Even when you don’t write expansive prose with frequent usage examples and such, an adequate amount of docstrings will still take noticeable space. The reward you’ll get for your efforts won’t be impressive, too: you’ll just add the information you’d include anyway if you were writing the code in a static language.
The catch here is that you won’t even get the automatic assurance that you’ve added the information correctly… which brings us immediately to the next point.
There are two types of programmers: those who write tests, and those who will be writing tests. Undoubtedly, the best way to have someone join the first group is to make them write serious code in any interpreted, dynamic language.

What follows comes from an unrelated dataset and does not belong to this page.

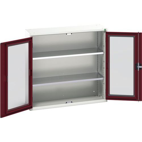 Műhelyszekrény átlátszó ajtókkal Bott Verso, 100 x 105 x 35 cm, 2 polccal, szürke-piros Műhelyszekrény átlátszó ajtókkal Bott Verso, 100 x 105 x 35 cm, 2 polccal, szürke-piros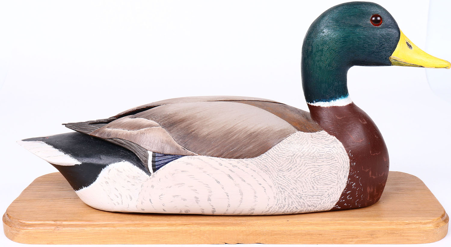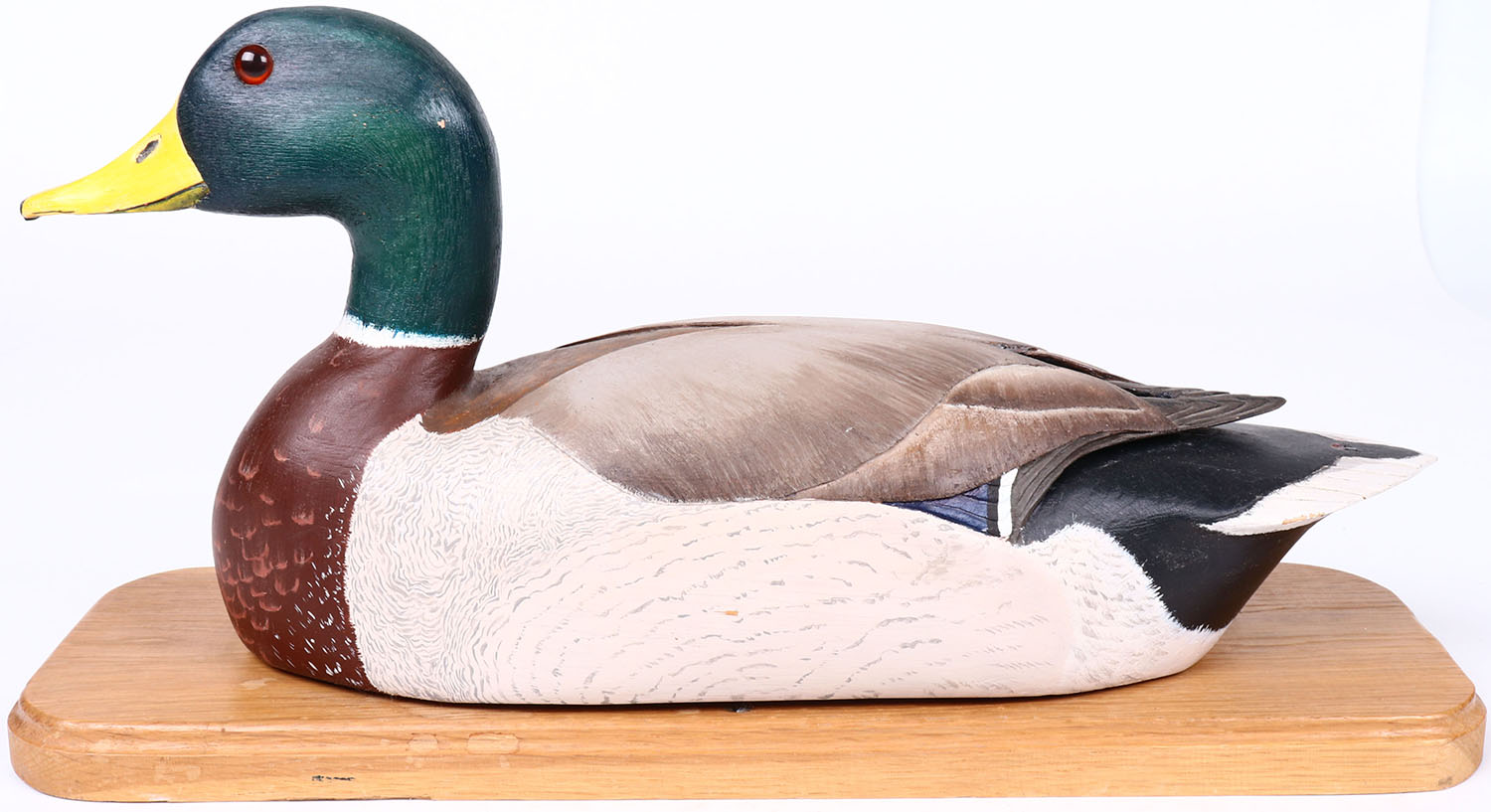Mallard Drake on wood stand by T.O Stecher, glass eyes, solid wood, original paint, structurally excellent, signed on bottom. Grade: MINT - Value: 50 to 150

In those languages, a comprehensive set of tests is probably the only automated and unambiguous way to ensure your code is satisfying even some basic invariants. Whole classes of errors that elsewhere would be eliminated by the compiler can slip completely undetected if the particular execution path is not exercised regularly. This includes trying to invoke a non-existent method; to pass an unexpected argument to a function; call a “function” which is not callable (or conversely, not call a function when it should have been); and many others. To my knowledge, none of these are normally detected by the various tools for static analysis (linting).
So, you write tests. You write so many tests, in fact, that they easily outmatch the very code they’re testing – if not necessarily in effort, then very likely in quantity. There’s no middle ground here: either you blanket your code with good tests coverage, or you can expect it to break in all kinds of silly ways.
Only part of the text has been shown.